On paper this gave Sunak the backing of his colleagues, but it was a messy mandate. His first cabinet reflected that, keeping eight members of Truss’s cabinet in the same role, as well as bringing back figures from the Johnson, May and Cameron administrations, and making a few new hires of his own. He has also operated in a different way, learning from the failures of the Johnson and Truss administrations by seeing off many potential parliamentary battles before they broke out.
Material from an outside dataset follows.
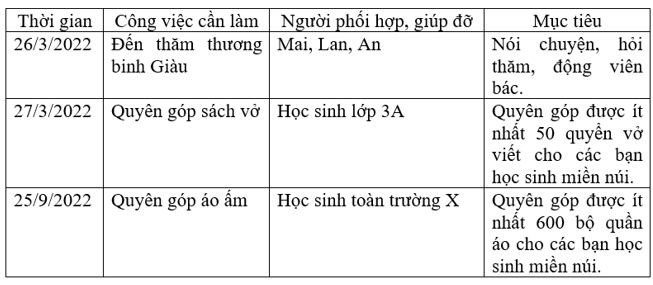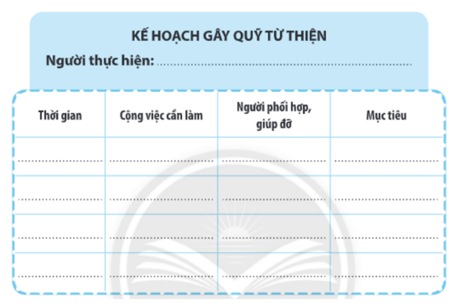 Trình bày kế hoạch gây quỹ hoạt động tình nguyện, nhân đạo của em vào mẫu sau:

In the aftermath of the Truss premiership, Sunak’s steadying the ship approach was therefore enough to keep opposition muted, or at least keep it to only the most outspoken members of his party. With an election at most a year away, and the party’s polling not improving, managing the Conservative Party over the next year will be a lot harder for Sunak than his first year in office.
From banning conversion therapy to banning no-fault evictions, Sunak faces issue after issue on which his party cannot agree. He will face pressure for big ideas in the King’s Speech on 7 November and pressure for tax cuts at the autumn statement on 22 November. The challenge is both to convince his party he can win the next election, while also using the time before then to govern well.
Sunak’s other problem is he has already conducted a reset, coming out of the autumn break with a change of personnel in No.10 and a supposed shift in approach. But the relaunch quickly stuttered as leaked net zero plans required a hurriedly put together speech, and leaked HS2 plans resulted in a long delay before Sunak finally cancelled the second leg. With the recent by-election losses, and a lacklustre party conference, Sunak now faces a fractured party failing to agree on how the next election should be fought.